■ About this exercise:
Leaving all pictures out, output exactly and only the line containing "relaxation or entertaining." and the lines that follow it to the end of the material below.

=-=-=-=-=

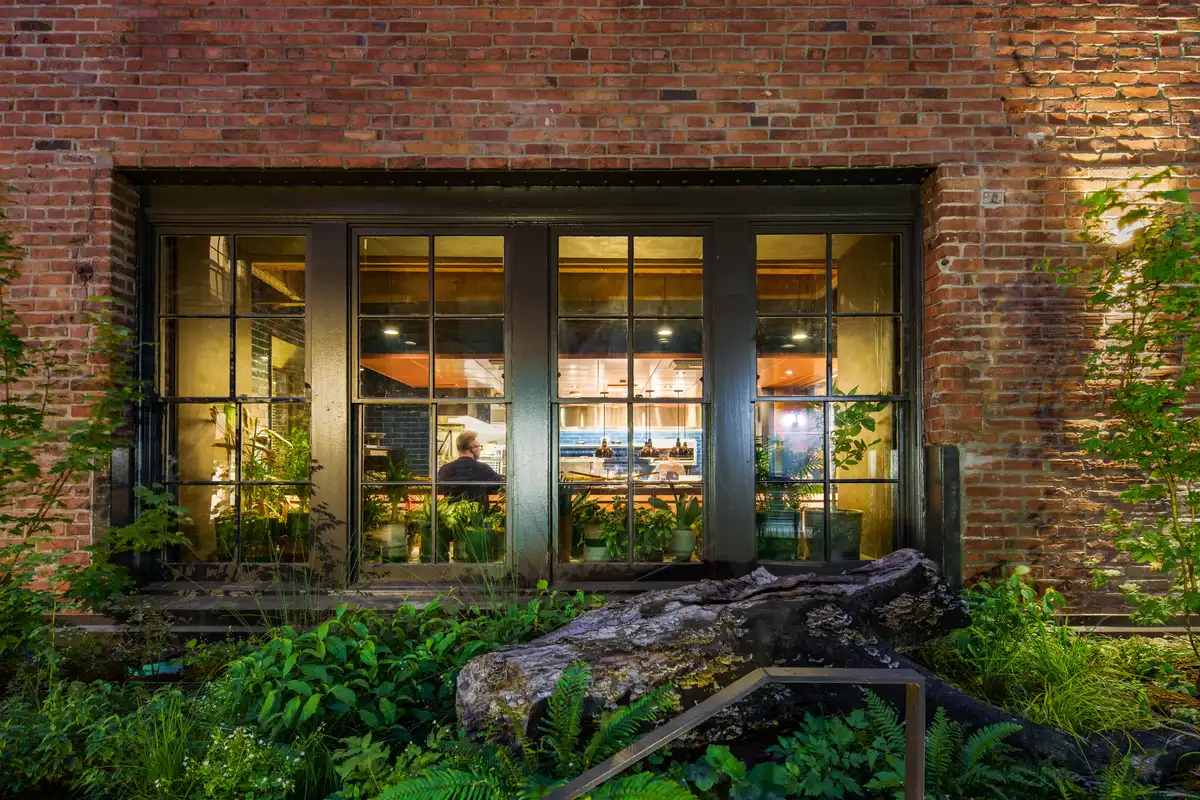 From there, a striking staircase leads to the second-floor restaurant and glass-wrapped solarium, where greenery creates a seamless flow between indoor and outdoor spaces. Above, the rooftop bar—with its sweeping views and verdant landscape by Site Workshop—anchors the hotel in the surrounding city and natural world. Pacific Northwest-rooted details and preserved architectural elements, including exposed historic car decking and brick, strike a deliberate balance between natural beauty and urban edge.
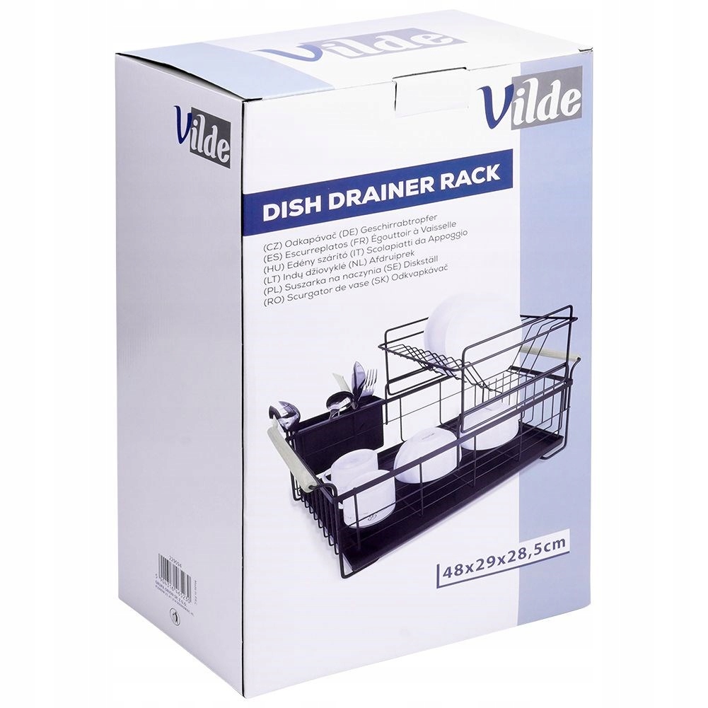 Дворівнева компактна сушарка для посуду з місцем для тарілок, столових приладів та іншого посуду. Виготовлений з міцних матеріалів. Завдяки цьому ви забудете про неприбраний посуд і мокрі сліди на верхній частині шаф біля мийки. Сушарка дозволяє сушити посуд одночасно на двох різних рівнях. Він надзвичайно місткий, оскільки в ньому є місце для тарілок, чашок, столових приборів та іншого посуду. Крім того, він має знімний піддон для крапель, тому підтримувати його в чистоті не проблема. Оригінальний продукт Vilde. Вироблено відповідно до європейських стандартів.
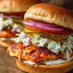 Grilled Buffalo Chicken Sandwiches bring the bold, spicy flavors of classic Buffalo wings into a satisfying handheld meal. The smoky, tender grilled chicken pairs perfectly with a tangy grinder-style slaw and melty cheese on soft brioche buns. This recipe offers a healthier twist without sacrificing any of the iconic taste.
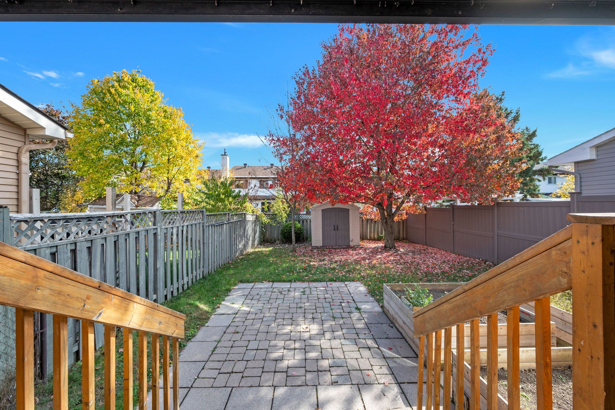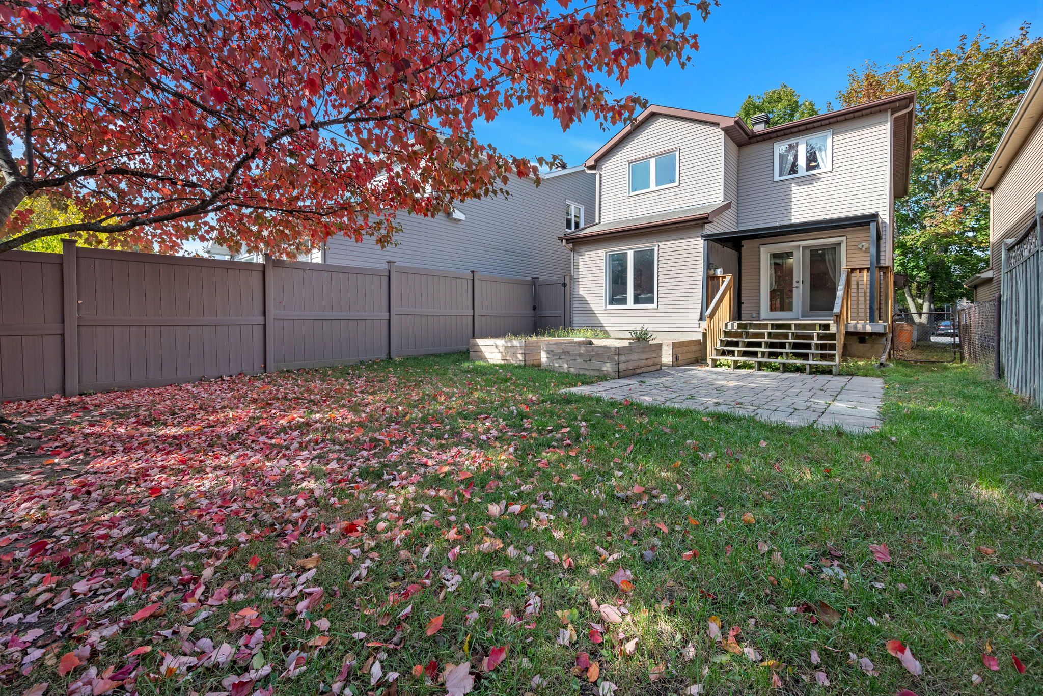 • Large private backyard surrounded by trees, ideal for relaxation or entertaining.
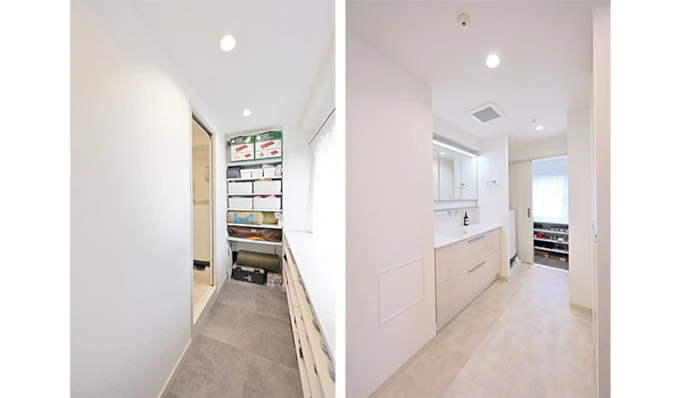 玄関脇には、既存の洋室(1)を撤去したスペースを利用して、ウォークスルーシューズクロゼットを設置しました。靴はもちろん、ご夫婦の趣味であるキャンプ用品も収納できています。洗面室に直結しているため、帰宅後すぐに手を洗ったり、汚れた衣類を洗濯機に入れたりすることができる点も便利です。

=-=-=-=-=

■ Task result:
 • Large private backyard surrounded by trees, ideal for relaxation or entertaining.
 玄関脇には、既存の洋室(1)を撤去したスペースを利用して、ウォークスルーシューズクロゼットを設置しました。靴はもちろん、ご夫婦の趣味であるキャンプ用品も収納できています。洗面室に直結しているため、帰宅後すぐに手を洗ったり、汚れた衣類を洗濯機に入れたりすることができる点も便利です。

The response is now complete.